SOURCE DATA
====================

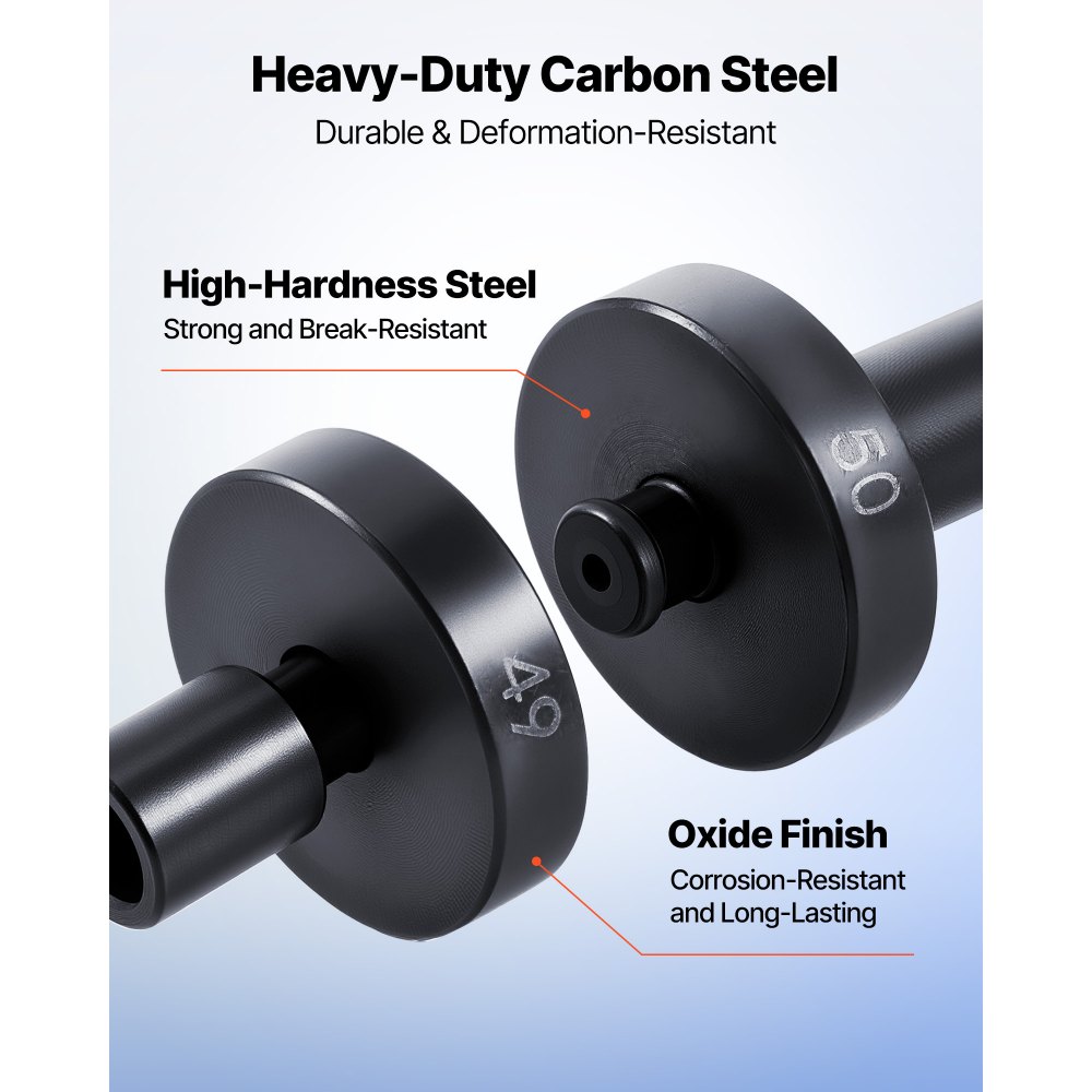 Odolnosť pri vysokých zaťaženiach: Nástroj na uťahovanie je vyrobený z vysoko tvrdej ocele so zosilnenými objímkami kotúčov, ktoré odolávajú silným úderom kladív alebo sekáčov. Naša sada puzdier na uťahovanie puzdier má oxidovaný čierny povlak pre odolnosť voči hrdzi, opotrebovaniu a dlhú životnosť.
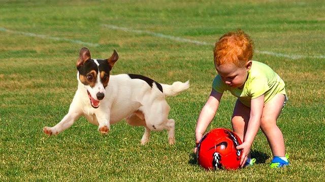 3、带狗狗出去遛弯的时候,要是你家狗狗不喜欢跟同类玩,而是喜欢跟人玩,尤其是小孩子,这样的情况只能说明它真的没把自己当成狗,而是把自己的当成人了!
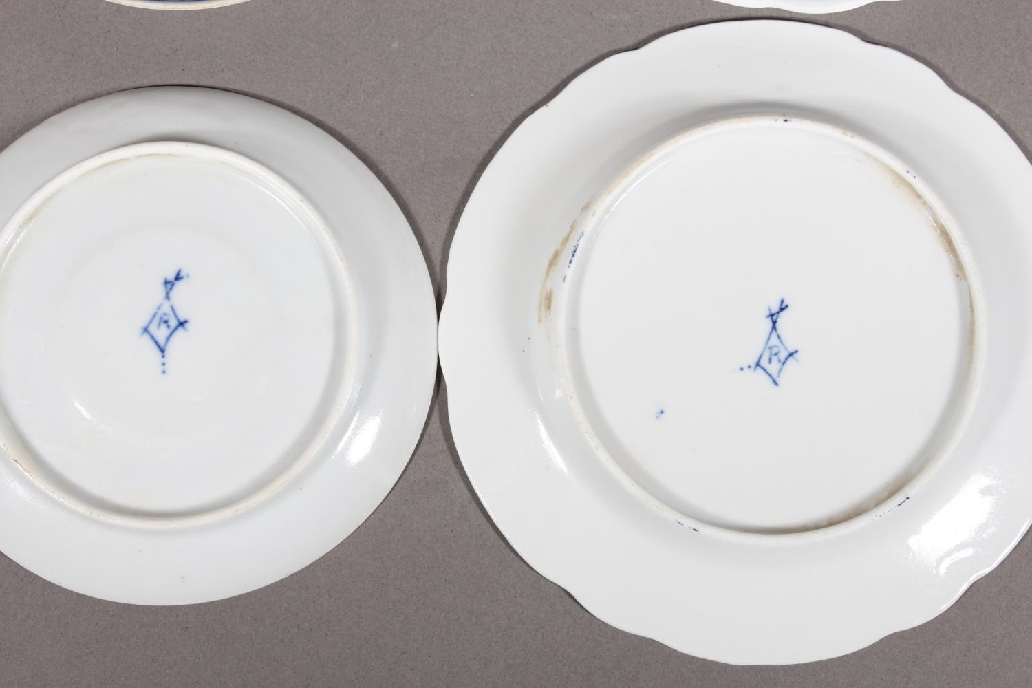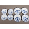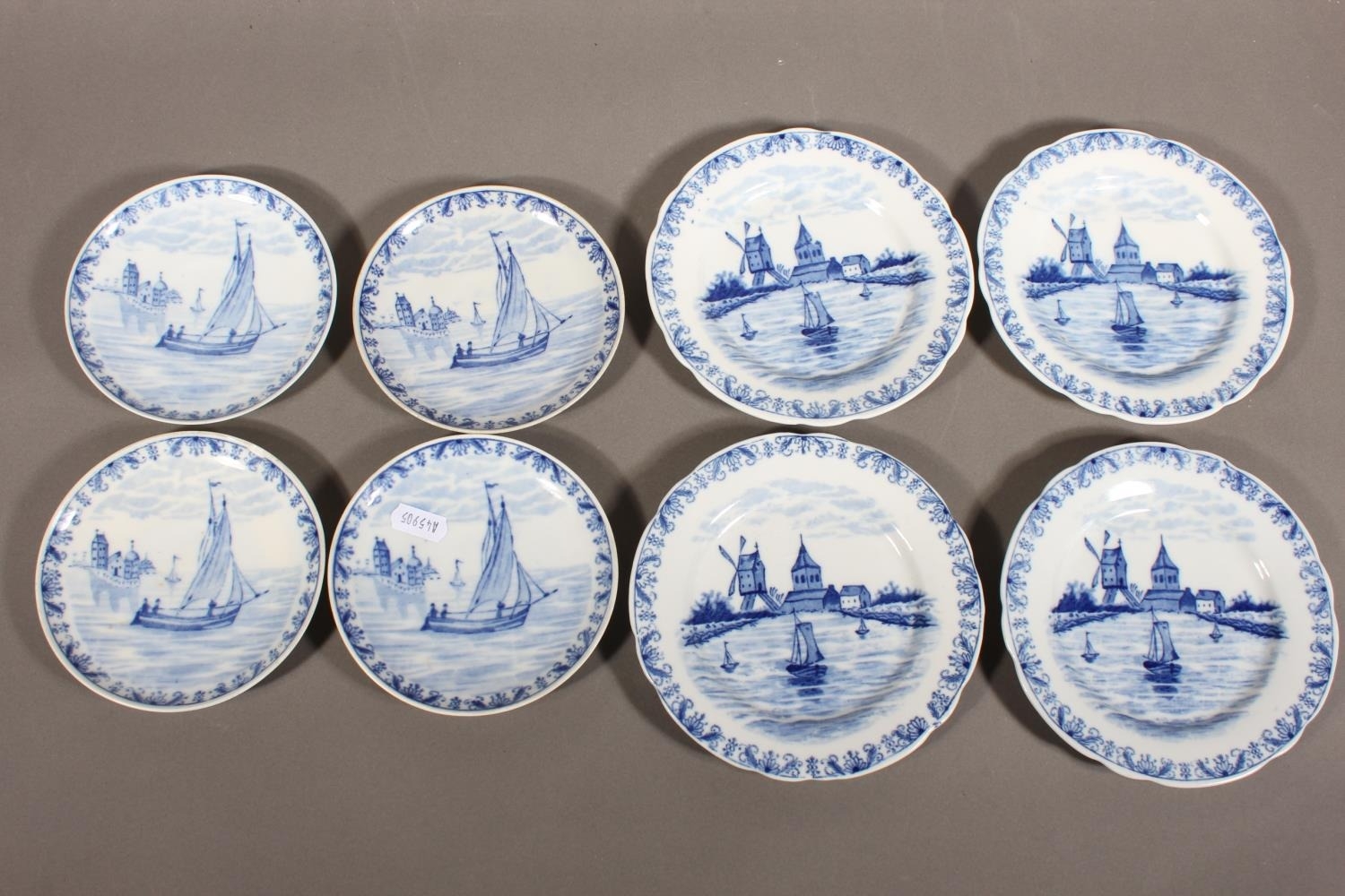 Dutch blue onion dishes decorated with windmills and others decorated with ships.
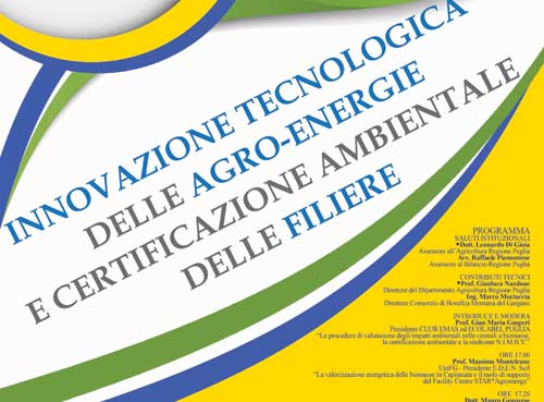 Clicca per Ingrandire Si è tenuto il 28 aprile alle 16, nella Sala Consiglio della Palazzina Uffici Fiera di Foggia, nell’ambito della 67ª edizione della Fiera internazionale Agricoltura e Zootecnia, l’incontro promosso da Consorzio “Eden” e Club Emas-Ecolabel Puglia, sul tema “Innovazione tecnologica delle agro-energie e certificazione ambientale delle filiere”. Presenti alla tavola rotonda per il confronto le più alte cariche istituzionali regionali di riferimento non solo per il settore agricolo ma anche per l’intero territorio di Capitanata, come concreto sostegno al percorso portato avanti dal Consorzio Eden, che da anni si occupa, fra le molteplici attività e progetti, proprio di valorizzazione energetica delle biomasse e degli scarti-sottoprodotti delle filiere agricole.

====================

EXERCISE
Reproduce verbatim the opening line of the material and every line after it, up to and including the line with "Dutch blue onion", but no pictures.

TASK RESPONSE
 Odolnosť pri vysokých zaťaženiach: Nástroj na uťahovanie je vyrobený z vysoko tvrdej ocele so zosilnenými objímkami kotúčov, ktoré odolávajú silným úderom kladív alebo sekáčov. Naša sada puzdier na uťahovanie puzdier má oxidovaný čierny povlak pre odolnosť voči hrdzi, opotrebovaniu a dlhú životnosť.
 3、带狗狗出去遛弯的时候,要是你家狗狗不喜欢跟同类玩,而是喜欢跟人玩,尤其是小孩子,这样的情况只能说明它真的没把自己当成狗,而是把自己的当成人了!
 Dutch blue onion dishes decorated with windmills and others decorated with ships.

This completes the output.